Hay lecturas que un servidor recuerda con especial cariño porque consiguieron absorberlo hasta hacerlo desaparecer entre sus líneas; eso es lo más preciado para mí. Nótese que digo desaparecer. Cuando un texto me gusta en gran manera llego a olvidarme de mí mismo y me anulo como individuo; puede que muchos no lo entiendan, pero para mí ese es el verdadero nivel último de la literatura. Porque luego están esas lecturas que también apasionan pero en la que uno se ve, hasta cierto punto, reflejado en un personaje, o en una determinada actitud, con lo cual uno acaba por sufrir el destino de tal o cual protagonista. Cuando consigo olvidarme de mí mismo es cuando llego al éxtasis intelectual... Sí, soy así de raro. De los autores que más han conseguido esta extraña alienación están, por supuesto, varios de la mal llamada "literatura victoriana": Dickens, Henry James, Thomas Hardy... y otros como el que ahora leo: Thomas Mann.
De Mann he leído Muerte en Venecia (que no me gustó mucho) y La montaña mágica (que me entusiasmó). No sabría decir que me llenó de una novela de más de mil páginas en la que pasa muy poco (pasa que el protagonista, Hans Castorp, va a un hospital para tuberculosos en la montaña a visitar a un primo y tras establecer todo tipo de relaciones con enfermos, médicos y enfermeros, acaba por asumir lo que le habían dicho por primera vez: vienes para quedarte; efectivamente, Castorp acabará muriendo allí). El ritmo de La montaña mágica es exasperantemente lento, a mí me recordaba la lentitud apabullante de las novelas "proustianas" de En busca del tiempo perdido y, en realidad, no pasa nada y pasa todo, pues se filosofa sobre la existencia, sobre la muerte y sobre la estética de la vida, eso sí, todo a paso de caracol.

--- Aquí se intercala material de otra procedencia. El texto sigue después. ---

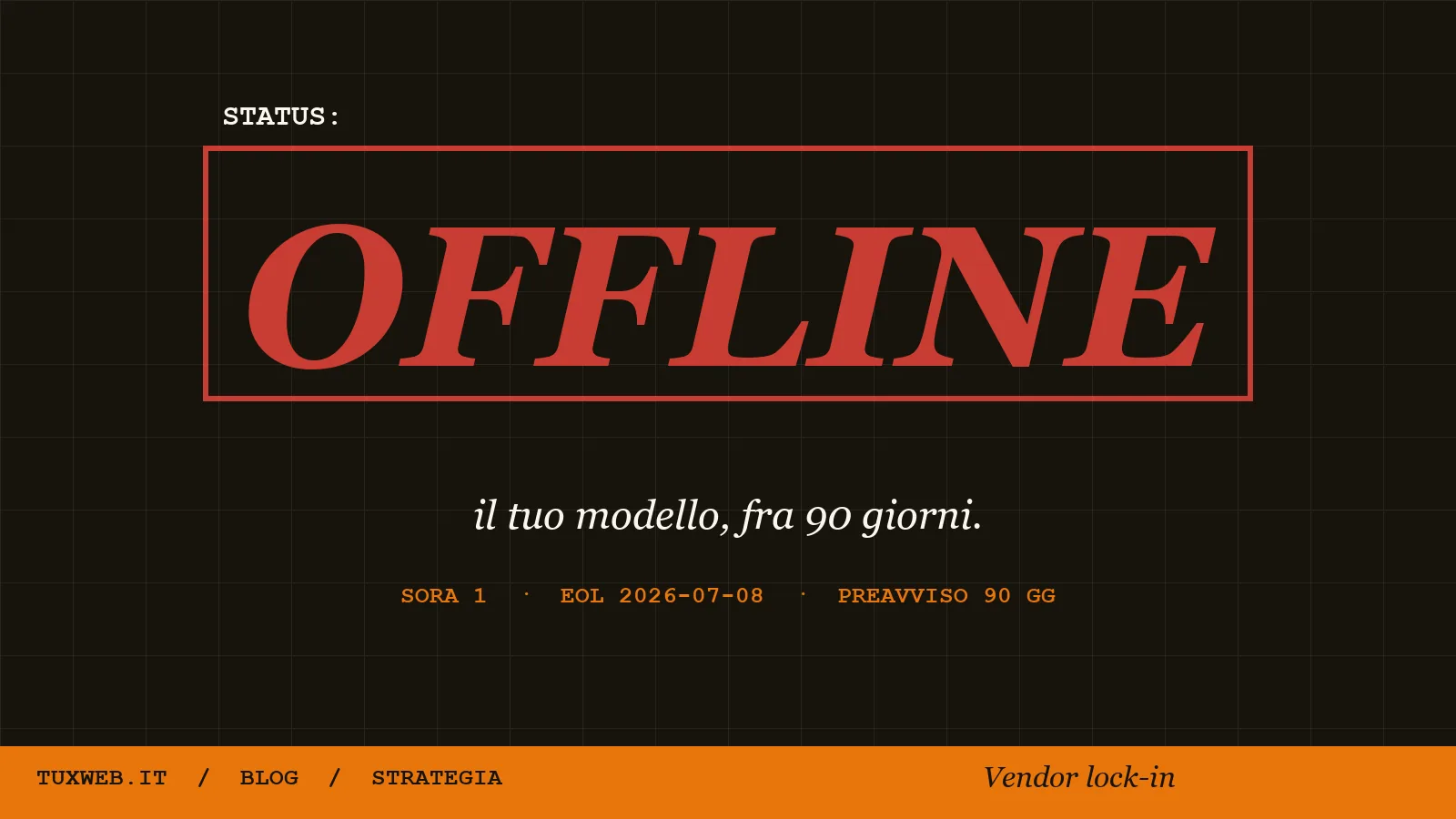 Sora 1 dismissed by July 2026 è un campanello. Suonerà ancora, e per modelli più centrali. La domanda da farsi adesso non è "cosa fare quando succede al mio business case", è "cosa farò il giorno in cui succederà al modello che ho integrato nel prodotto". Se non hai una risposta in mezz'ora, hai un problema.

En Doktor Faustus, Mann recrea el mito de Fausto, aquel tipo que vendía su alma al diablo para conseguir éxito mundano. Hasta ahí no parece un gran alarde intelectual para el que fue Premio Nobel en 1929, pero las discusiones sobre la vida de Adrian Leverkühn, compositor alemán, representante, en verdad, de la más alta cultura germánica son tan brutales, que acaba haciendo de la novela una obra ensayística general sobre cultura y arte europeos.
Y es que Mann tiene tal dominio del lenguaje, tal erudición, tal amplitud de conocimientos que sus obras debieran ser de obligada lectura para aquel que no se contente con eructar, defecar y orinar, además, por supuesto, de tener un puesto de engorde (perdón, quise decir, un puesto de trabajo). Leer Doktor Faustus es una tarea ímproba por la necesidad que tiene uno de parar el reloj, de detener el tiempo para desaparecer en su trama, disfrutando de cada argumento, cada circunloquio como un gourmet disfruta de la mejor delicatesen. Es, obviamente, una lectura lenta, tal vez de meses, no por su longitud sino por su densidad, pero es, de verdad, leer, los que no lo aguanten siempre tendrán la novela contemporánea.